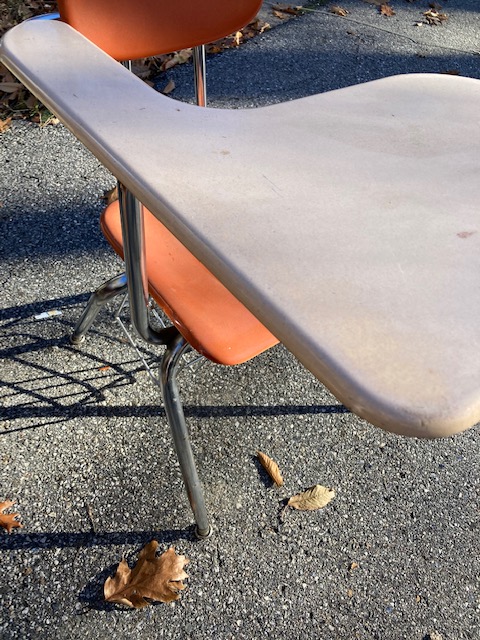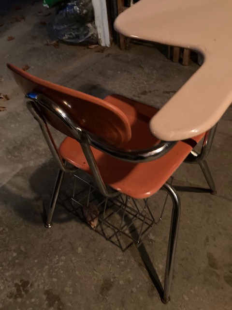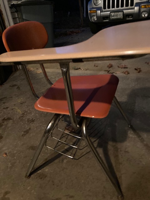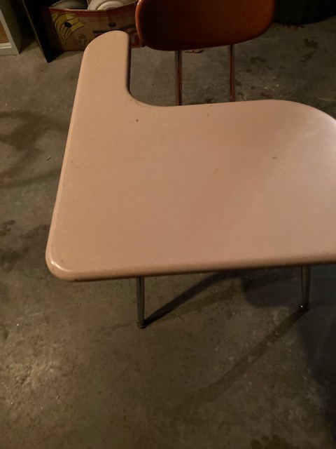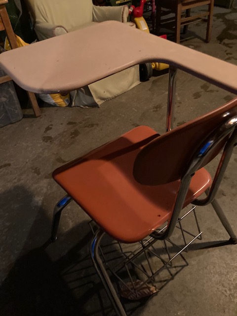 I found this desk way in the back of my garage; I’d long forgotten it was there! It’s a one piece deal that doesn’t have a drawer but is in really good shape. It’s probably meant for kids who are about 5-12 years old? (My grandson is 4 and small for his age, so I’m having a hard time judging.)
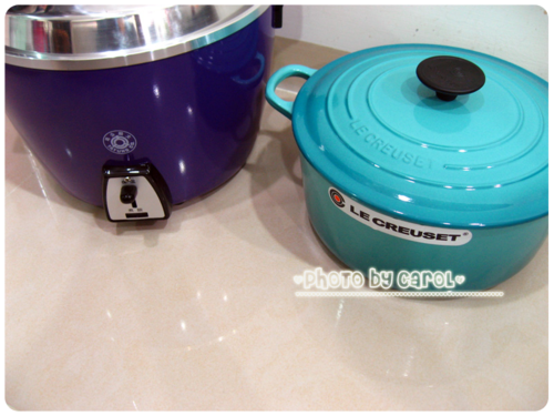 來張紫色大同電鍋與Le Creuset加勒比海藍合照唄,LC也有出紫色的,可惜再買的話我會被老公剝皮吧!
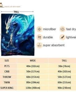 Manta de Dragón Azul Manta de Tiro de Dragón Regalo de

* * *

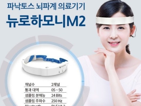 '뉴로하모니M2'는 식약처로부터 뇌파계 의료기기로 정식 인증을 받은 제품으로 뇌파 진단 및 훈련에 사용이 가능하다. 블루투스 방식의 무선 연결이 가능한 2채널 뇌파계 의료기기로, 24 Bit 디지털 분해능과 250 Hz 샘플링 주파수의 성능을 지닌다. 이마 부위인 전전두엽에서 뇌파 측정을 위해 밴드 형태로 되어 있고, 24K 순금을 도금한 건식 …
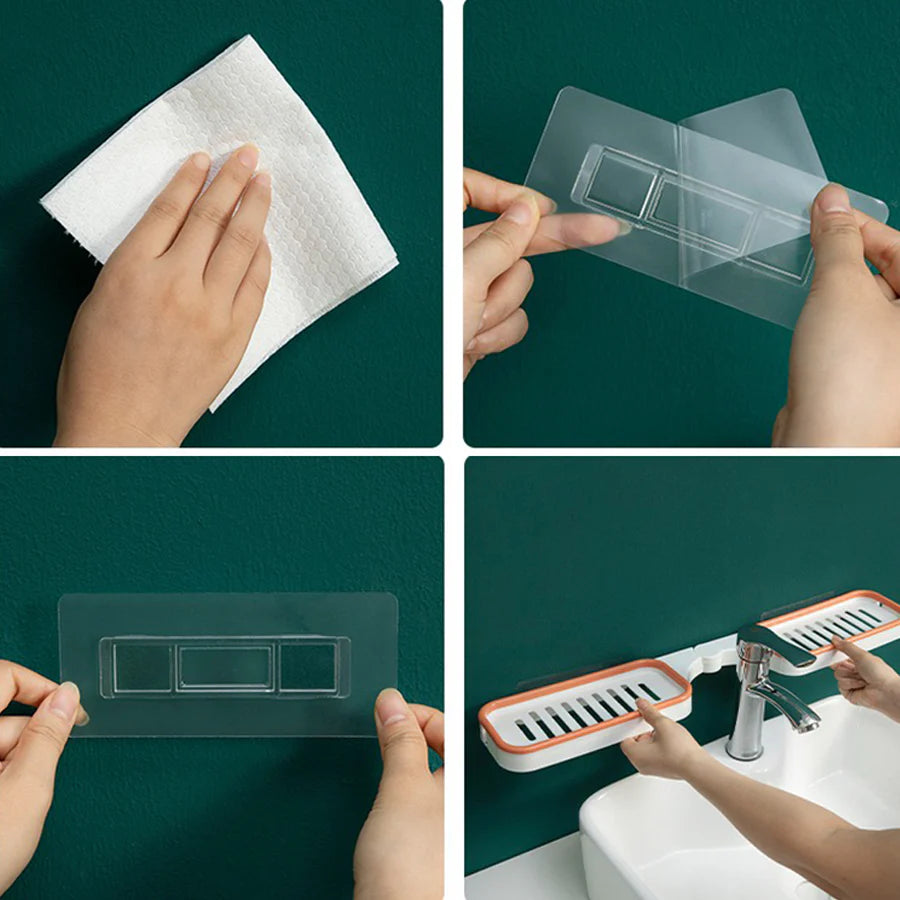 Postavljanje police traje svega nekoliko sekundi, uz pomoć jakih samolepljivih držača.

---

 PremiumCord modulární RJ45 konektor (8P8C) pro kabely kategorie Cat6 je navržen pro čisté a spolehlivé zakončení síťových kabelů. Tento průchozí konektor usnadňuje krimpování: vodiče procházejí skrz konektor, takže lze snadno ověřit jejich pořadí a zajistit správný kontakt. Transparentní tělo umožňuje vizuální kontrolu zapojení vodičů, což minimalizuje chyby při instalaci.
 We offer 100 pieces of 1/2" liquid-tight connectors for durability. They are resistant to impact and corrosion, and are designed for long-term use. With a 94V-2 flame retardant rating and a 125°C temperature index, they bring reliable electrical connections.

Work item
Given the listing above, repeat exactly the lines starting at the one with "I found this" and ending at the one with "Manta de Dragón", inclusive, excluding pictures.

Answer section
 I found this desk way in the back of my garage; I’d long forgotten it was there! It’s a one piece deal that doesn’t have a drawer but is in really good shape. It’s probably meant for kids who are about 5-12 years old? (My grandson is 4 and small for his age, so I’m having a hard time judging.)
 來張紫色大同電鍋與Le Creuset加勒比海藍合照唄,LC也有出紫色的,可惜再買的話我會被老公剝皮吧!
 Manta de Dragón Azul Manta de Tiro de Dragón Regalo de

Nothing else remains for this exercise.